> _Exercise details_
Transcribe the records below. Leave every line exactly as written.

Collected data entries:
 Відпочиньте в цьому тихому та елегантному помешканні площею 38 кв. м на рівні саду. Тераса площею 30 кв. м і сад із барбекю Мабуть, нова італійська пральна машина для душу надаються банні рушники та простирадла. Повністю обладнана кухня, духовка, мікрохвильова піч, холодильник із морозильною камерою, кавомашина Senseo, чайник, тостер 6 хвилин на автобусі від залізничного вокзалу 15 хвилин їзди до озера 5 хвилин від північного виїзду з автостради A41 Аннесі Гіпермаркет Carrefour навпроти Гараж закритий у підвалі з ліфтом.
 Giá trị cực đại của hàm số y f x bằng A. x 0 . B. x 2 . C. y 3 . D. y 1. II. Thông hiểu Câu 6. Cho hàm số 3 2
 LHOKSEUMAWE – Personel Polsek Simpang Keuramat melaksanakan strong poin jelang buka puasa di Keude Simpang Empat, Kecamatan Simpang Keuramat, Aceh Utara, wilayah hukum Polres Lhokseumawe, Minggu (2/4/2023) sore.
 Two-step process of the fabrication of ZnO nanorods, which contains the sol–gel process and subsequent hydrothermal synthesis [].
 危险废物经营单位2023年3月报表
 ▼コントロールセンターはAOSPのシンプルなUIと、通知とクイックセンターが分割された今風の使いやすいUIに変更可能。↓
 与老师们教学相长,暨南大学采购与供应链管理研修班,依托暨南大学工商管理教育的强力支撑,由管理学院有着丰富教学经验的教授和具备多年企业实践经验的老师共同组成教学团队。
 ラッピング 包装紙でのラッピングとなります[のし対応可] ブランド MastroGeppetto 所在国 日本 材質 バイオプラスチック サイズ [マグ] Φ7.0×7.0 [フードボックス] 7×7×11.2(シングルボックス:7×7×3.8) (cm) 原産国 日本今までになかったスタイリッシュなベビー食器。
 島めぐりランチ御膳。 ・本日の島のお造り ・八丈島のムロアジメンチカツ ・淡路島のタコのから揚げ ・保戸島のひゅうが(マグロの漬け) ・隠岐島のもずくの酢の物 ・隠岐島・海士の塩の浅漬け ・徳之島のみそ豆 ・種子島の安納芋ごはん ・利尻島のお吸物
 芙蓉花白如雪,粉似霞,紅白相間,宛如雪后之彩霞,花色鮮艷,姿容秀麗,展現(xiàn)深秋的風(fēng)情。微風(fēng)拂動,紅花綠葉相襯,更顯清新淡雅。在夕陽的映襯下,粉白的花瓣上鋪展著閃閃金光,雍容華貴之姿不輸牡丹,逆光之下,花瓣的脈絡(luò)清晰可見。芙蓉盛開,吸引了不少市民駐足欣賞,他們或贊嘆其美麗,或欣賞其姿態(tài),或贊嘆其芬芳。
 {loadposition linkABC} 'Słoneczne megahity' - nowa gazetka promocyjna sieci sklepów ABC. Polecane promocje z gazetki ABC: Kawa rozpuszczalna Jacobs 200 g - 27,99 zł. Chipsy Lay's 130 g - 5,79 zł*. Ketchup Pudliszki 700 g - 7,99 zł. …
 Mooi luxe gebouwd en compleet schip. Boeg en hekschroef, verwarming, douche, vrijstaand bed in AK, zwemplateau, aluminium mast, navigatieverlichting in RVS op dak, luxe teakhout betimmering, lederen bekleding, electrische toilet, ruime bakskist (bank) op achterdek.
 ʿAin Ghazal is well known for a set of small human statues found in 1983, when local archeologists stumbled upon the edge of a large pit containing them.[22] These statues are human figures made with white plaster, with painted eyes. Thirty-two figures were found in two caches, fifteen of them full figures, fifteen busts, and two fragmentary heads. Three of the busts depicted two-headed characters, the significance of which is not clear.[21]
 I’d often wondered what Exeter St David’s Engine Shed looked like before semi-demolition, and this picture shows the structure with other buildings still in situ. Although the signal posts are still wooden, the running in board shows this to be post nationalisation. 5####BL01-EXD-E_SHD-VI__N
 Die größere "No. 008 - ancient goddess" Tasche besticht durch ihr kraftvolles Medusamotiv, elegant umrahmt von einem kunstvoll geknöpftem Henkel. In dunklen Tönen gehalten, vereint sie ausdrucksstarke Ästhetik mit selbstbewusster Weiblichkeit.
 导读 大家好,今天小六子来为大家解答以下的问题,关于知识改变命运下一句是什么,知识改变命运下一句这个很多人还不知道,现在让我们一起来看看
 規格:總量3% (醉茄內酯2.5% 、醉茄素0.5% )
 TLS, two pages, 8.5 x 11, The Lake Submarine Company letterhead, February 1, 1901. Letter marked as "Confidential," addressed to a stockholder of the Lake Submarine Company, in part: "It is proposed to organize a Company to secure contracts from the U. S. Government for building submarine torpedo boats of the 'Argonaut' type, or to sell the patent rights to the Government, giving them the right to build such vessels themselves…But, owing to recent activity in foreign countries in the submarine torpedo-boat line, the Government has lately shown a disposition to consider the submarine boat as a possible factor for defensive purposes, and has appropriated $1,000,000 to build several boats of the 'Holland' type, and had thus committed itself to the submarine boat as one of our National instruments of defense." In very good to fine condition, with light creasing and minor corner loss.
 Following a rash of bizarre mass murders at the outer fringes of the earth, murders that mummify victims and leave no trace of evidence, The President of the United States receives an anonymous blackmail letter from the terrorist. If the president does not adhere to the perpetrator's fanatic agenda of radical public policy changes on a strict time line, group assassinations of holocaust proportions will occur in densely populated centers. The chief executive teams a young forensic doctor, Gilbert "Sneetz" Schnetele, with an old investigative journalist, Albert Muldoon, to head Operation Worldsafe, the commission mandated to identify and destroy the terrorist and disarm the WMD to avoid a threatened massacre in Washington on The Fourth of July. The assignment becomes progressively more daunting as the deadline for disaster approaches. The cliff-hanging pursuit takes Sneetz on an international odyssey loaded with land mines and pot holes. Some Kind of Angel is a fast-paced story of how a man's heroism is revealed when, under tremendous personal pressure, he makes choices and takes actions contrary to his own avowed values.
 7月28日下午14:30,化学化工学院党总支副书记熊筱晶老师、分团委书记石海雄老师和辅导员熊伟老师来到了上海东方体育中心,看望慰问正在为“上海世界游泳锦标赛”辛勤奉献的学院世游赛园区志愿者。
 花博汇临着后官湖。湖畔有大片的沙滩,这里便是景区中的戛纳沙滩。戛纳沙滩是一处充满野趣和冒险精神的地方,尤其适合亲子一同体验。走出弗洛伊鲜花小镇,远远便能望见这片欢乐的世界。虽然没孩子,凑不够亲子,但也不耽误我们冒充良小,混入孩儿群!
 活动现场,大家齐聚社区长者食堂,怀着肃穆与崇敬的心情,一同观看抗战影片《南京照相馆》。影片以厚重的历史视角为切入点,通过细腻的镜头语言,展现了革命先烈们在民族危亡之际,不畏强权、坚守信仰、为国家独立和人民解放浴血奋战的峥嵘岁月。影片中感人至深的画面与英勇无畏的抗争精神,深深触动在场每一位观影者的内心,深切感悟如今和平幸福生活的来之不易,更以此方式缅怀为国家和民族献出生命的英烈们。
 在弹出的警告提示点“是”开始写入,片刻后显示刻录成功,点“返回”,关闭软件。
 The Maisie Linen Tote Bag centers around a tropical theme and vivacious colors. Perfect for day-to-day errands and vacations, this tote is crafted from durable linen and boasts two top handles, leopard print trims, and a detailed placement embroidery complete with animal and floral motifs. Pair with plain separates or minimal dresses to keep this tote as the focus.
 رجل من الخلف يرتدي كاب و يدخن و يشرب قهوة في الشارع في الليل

> _Answer space_
 Відпочиньте в цьому тихому та елегантному помешканні площею 38 кв. м на рівні саду. Тераса площею 30 кв. м і сад із барбекю Мабуть, нова італійська пральна машина для душу надаються банні рушники та простирадла. Повністю обладнана кухня, духовка, мікрохвильова піч, холодильник із морозильною камерою, кавомашина Senseo, чайник, тостер 6 хвилин на автобусі від залізничного вокзалу 15 хвилин їзди до озера 5 хвилин від північного виїзду з автостради A41 Аннесі Гіпермаркет Carrefour навпроти Гараж закритий у підвалі з ліфтом.
 Giá trị cực đại của hàm số y f x bằng A. x 0 . B. x 2 . C. y 3 . D. y 1. II. Thông hiểu Câu 6. Cho hàm số 3 2
 LHOKSEUMAWE – Personel Polsek Simpang Keuramat melaksanakan strong poin jelang buka puasa di Keude Simpang Empat, Kecamatan Simpang Keuramat, Aceh Utara, wilayah hukum Polres Lhokseumawe, Minggu (2/4/2023) sore.
 Two-step process of the fabrication of ZnO nanorods, which contains the sol–gel process and subsequent hydrothermal synthesis [].
 危险废物经营单位2023年3月报表
 ▼コントロールセンターはAOSPのシンプルなUIと、通知とクイックセンターが分割された今風の使いやすいUIに変更可能。↓
 与老师们教学相长,暨南大学采购与供应链管理研修班,依托暨南大学工商管理教育的强力支撑,由管理学院有着丰富教学经验的教授和具备多年企业实践经验的老师共同组成教学团队。
 ラッピング 包装紙でのラッピングとなります[のし対応可] ブランド MastroGeppetto 所在国 日本 材質 バイオプラスチック サイズ [マグ] Φ7.0×7.0 [フードボックス] 7×7×11.2(シングルボックス:7×7×3.8) (cm) 原産国 日本今までになかったスタイリッシュなベビー食器。
 島めぐりランチ御膳。 ・本日の島のお造り ・八丈島のムロアジメンチカツ ・淡路島のタコのから揚げ ・保戸島のひゅうが(マグロの漬け) ・隠岐島のもずくの酢の物 ・隠岐島・海士の塩の浅漬け ・徳之島のみそ豆 ・種子島の安納芋ごはん ・利尻島のお吸物
 芙蓉花白如雪,粉似霞,紅白相間,宛如雪后之彩霞,花色鮮艷,姿容秀麗,展現(xiàn)深秋的風(fēng)情。微風(fēng)拂動,紅花綠葉相襯,更顯清新淡雅。在夕陽的映襯下,粉白的花瓣上鋪展著閃閃金光,雍容華貴之姿不輸牡丹,逆光之下,花瓣的脈絡(luò)清晰可見。芙蓉盛開,吸引了不少市民駐足欣賞,他們或贊嘆其美麗,或欣賞其姿態(tài),或贊嘆其芬芳。
 {loadposition linkABC} 'Słoneczne megahity' - nowa gazetka promocyjna sieci sklepów ABC. Polecane promocje z gazetki ABC: Kawa rozpuszczalna Jacobs 200 g - 27,99 zł. Chipsy Lay's 130 g - 5,79 zł*. Ketchup Pudliszki 700 g - 7,99 zł. …
 Mooi luxe gebouwd en compleet schip. Boeg en hekschroef, verwarming, douche, vrijstaand bed in AK, zwemplateau, aluminium mast, navigatieverlichting in RVS op dak, luxe teakhout betimmering, lederen bekleding, electrische toilet, ruime bakskist (bank) op achterdek.
 ʿAin Ghazal is well known for a set of small human statues found in 1983, when local archeologists stumbled upon the edge of a large pit containing them.[22] These statues are human figures made with white plaster, with painted eyes. Thirty-two figures were found in two caches, fifteen of them full figures, fifteen busts, and two fragmentary heads. Three of the busts depicted two-headed characters, the significance of which is not clear.[21]
 I’d often wondered what Exeter St David’s Engine Shed looked like before semi-demolition, and this picture shows the structure with other buildings still in situ. Although the signal posts are still wooden, the running in board shows this to be post nationalisation. 5####BL01-EXD-E_SHD-VI__N
 Die größere "No. 008 - ancient goddess" Tasche besticht durch ihr kraftvolles Medusamotiv, elegant umrahmt von einem kunstvoll geknöpftem Henkel. In dunklen Tönen gehalten, vereint sie ausdrucksstarke Ästhetik mit selbstbewusster Weiblichkeit.
 导读 大家好,今天小六子来为大家解答以下的问题,关于知识改变命运下一句是什么,知识改变命运下一句这个很多人还不知道,现在让我们一起来看看
 規格:總量3% (醉茄內酯2.5% 、醉茄素0.5% )
 TLS, two pages, 8.5 x 11, The Lake Submarine Company letterhead, February 1, 1901. Letter marked as "Confidential," addressed to a stockholder of the Lake Submarine Company, in part: "It is proposed to organize a Company to secure contracts from the U. S. Government for building submarine torpedo boats of the 'Argonaut' type, or to sell the patent rights to the Government, giving them the right to build such vessels themselves…But, owing to recent activity in foreign countries in the submarine torpedo-boat line, the Government has lately shown a disposition to consider the submarine boat as a possible factor for defensive purposes, and has appropriated $1,000,000 to build several boats of the 'Holland' type, and had thus committed itself to the submarine boat as one of our National instruments of defense." In very good to fine condition, with light creasing and minor corner loss.
 Following a rash of bizarre mass murders at the outer fringes of the earth, murders that mummify victims and leave no trace of evidence, The President of the United States receives an anonymous blackmail letter from the terrorist. If the president does not adhere to the perpetrator's fanatic agenda of radical public policy changes on a strict time line, group assassinations of holocaust proportions will occur in densely populated centers. The chief executive teams a young forensic doctor, Gilbert "Sneetz" Schnetele, with an old investigative journalist, Albert Muldoon, to head Operation Worldsafe, the commission mandated to identify and destroy the terrorist and disarm the WMD to avoid a threatened massacre in Washington on The Fourth of July. The assignment becomes progressively more daunting as the deadline for disaster approaches. The cliff-hanging pursuit takes Sneetz on an international odyssey loaded with land mines and pot holes. Some Kind of Angel is a fast-paced story of how a man's heroism is revealed when, under tremendous personal pressure, he makes choices and takes actions contrary to his own avowed values.
 7月28日下午14:30,化学化工学院党总支副书记熊筱晶老师、分团委书记石海雄老师和辅导员熊伟老师来到了上海东方体育中心,看望慰问正在为“上海世界游泳锦标赛”辛勤奉献的学院世游赛园区志愿者。
 花博汇临着后官湖。湖畔有大片的沙滩,这里便是景区中的戛纳沙滩。戛纳沙滩是一处充满野趣和冒险精神的地方,尤其适合亲子一同体验。走出弗洛伊鲜花小镇,远远便能望见这片欢乐的世界。虽然没孩子,凑不够亲子,但也不耽误我们冒充良小,混入孩儿群!
 活动现场,大家齐聚社区长者食堂,怀着肃穆与崇敬的心情,一同观看抗战影片《南京照相馆》。影片以厚重的历史视角为切入点,通过细腻的镜头语言,展现了革命先烈们在民族危亡之际,不畏强权、坚守信仰、为国家独立和人民解放浴血奋战的峥嵘岁月。影片中感人至深的画面与英勇无畏的抗争精神,深深触动在场每一位观影者的内心,深切感悟如今和平幸福生活的来之不易,更以此方式缅怀为国家和民族献出生命的英烈们。
 在弹出的警告提示点“是”开始写入,片刻后显示刻录成功,点“返回”,关闭软件。
 The Maisie Linen Tote Bag centers around a tropical theme and vivacious colors. Perfect for day-to-day errands and vacations, this tote is crafted from durable linen and boasts two top handles, leopard print trims, and a detailed placement embroidery complete with animal and floral motifs. Pair with plain separates or minimal dresses to keep this tote as the focus.
 رجل من الخلف يرتدي كاب و يدخن و يشرب قهوة في الشارع في الليل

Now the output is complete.